[Data — start]

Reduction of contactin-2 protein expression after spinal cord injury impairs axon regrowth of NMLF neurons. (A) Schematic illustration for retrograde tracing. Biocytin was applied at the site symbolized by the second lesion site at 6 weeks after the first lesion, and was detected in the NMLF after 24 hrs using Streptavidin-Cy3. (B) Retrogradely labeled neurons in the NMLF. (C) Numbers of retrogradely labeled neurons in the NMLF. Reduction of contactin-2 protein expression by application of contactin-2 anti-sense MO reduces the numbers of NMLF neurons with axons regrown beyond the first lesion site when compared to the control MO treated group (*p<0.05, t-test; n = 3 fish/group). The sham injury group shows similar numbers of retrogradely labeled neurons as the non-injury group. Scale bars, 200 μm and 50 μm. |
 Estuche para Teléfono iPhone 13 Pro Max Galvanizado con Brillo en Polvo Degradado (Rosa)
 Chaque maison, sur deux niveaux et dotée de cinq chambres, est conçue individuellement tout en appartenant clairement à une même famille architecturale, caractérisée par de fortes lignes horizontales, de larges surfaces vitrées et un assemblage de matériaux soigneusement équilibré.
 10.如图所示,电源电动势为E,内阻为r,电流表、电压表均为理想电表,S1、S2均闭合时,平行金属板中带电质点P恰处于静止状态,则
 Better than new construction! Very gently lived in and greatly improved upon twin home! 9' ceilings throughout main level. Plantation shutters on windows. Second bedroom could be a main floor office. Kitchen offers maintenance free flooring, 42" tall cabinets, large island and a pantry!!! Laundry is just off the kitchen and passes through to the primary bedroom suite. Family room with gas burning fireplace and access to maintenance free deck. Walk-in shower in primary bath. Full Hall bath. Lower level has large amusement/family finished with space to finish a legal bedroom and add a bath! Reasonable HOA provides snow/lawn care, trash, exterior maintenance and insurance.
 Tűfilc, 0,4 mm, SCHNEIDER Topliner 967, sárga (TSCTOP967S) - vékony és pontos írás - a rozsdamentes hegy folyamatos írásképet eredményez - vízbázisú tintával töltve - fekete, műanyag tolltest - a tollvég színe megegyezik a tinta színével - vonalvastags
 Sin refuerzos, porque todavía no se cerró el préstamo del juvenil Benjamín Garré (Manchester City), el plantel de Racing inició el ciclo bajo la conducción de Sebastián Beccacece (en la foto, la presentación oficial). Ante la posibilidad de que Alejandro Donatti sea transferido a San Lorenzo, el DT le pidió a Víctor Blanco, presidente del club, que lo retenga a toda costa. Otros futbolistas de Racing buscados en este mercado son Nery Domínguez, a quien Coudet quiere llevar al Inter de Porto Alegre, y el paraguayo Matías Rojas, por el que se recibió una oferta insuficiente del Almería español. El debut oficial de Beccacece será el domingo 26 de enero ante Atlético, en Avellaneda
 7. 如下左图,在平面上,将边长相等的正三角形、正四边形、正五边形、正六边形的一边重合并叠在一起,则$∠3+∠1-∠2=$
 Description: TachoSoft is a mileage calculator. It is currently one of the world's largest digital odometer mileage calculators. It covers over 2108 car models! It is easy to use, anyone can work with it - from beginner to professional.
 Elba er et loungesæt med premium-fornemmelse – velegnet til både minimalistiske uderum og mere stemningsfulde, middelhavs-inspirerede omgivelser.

[Data — finish]

Exercise requirements.
You are asked to transcribe all of the data above exactly.

Solution to this exercise.
Reduction of contactin-2 protein expression after spinal cord injury impairs axon regrowth of NMLF neurons. (A) Schematic illustration for retrograde tracing. Biocytin was applied at the site symbolized by the second lesion site at 6 weeks after the first lesion, and was detected in the NMLF after 24 hrs using Streptavidin-Cy3. (B) Retrogradely labeled neurons in the NMLF. (C) Numbers of retrogradely labeled neurons in the NMLF. Reduction of contactin-2 protein expression by application of contactin-2 anti-sense MO reduces the numbers of NMLF neurons with axons regrown beyond the first lesion site when compared to the control MO treated group (*p<0.05, t-test; n = 3 fish/group). The sham injury group shows similar numbers of retrogradely labeled neurons as the non-injury group. Scale bars, 200 μm and 50 μm. |
 Estuche para Teléfono iPhone 13 Pro Max Galvanizado con Brillo en Polvo Degradado (Rosa)
 Chaque maison, sur deux niveaux et dotée de cinq chambres, est conçue individuellement tout en appartenant clairement à une même famille architecturale, caractérisée par de fortes lignes horizontales, de larges surfaces vitrées et un assemblage de matériaux soigneusement équilibré.
 10.如图所示,电源电动势为E,内阻为r,电流表、电压表均为理想电表,S1、S2均闭合时,平行金属板中带电质点P恰处于静止状态,则
 Better than new construction! Very gently lived in and greatly improved upon twin home! 9' ceilings throughout main level. Plantation shutters on windows. Second bedroom could be a main floor office. Kitchen offers maintenance free flooring, 42" tall cabinets, large island and a pantry!!! Laundry is just off the kitchen and passes through to the primary bedroom suite. Family room with gas burning fireplace and access to maintenance free deck. Walk-in shower in primary bath. Full Hall bath. Lower level has large amusement/family finished with space to finish a legal bedroom and add a bath! Reasonable HOA provides snow/lawn care, trash, exterior maintenance and insurance.
 Tűfilc, 0,4 mm, SCHNEIDER Topliner 967, sárga (TSCTOP967S) - vékony és pontos írás - a rozsdamentes hegy folyamatos írásképet eredményez - vízbázisú tintával töltve - fekete, műanyag tolltest - a tollvég színe megegyezik a tinta színével - vonalvastags
 Sin refuerzos, porque todavía no se cerró el préstamo del juvenil Benjamín Garré (Manchester City), el plantel de Racing inició el ciclo bajo la conducción de Sebastián Beccacece (en la foto, la presentación oficial). Ante la posibilidad de que Alejandro Donatti sea transferido a San Lorenzo, el DT le pidió a Víctor Blanco, presidente del club, que lo retenga a toda costa. Otros futbolistas de Racing buscados en este mercado son Nery Domínguez, a quien Coudet quiere llevar al Inter de Porto Alegre, y el paraguayo Matías Rojas, por el que se recibió una oferta insuficiente del Almería español. El debut oficial de Beccacece será el domingo 26 de enero ante Atlético, en Avellaneda
 7. 如下左图,在平面上,将边长相等的正三角形、正四边形、正五边形、正六边形的一边重合并叠在一起,则$∠3+∠1-∠2=$
 Description: TachoSoft is a mileage calculator. It is currently one of the world's largest digital odometer mileage calculators. It covers over 2108 car models! It is easy to use, anyone can work with it - from beginner to professional.
 Elba er et loungesæt med premium-fornemmelse – velegnet til både minimalistiske uderum og mere stemningsfulde, middelhavs-inspirerede omgivelser.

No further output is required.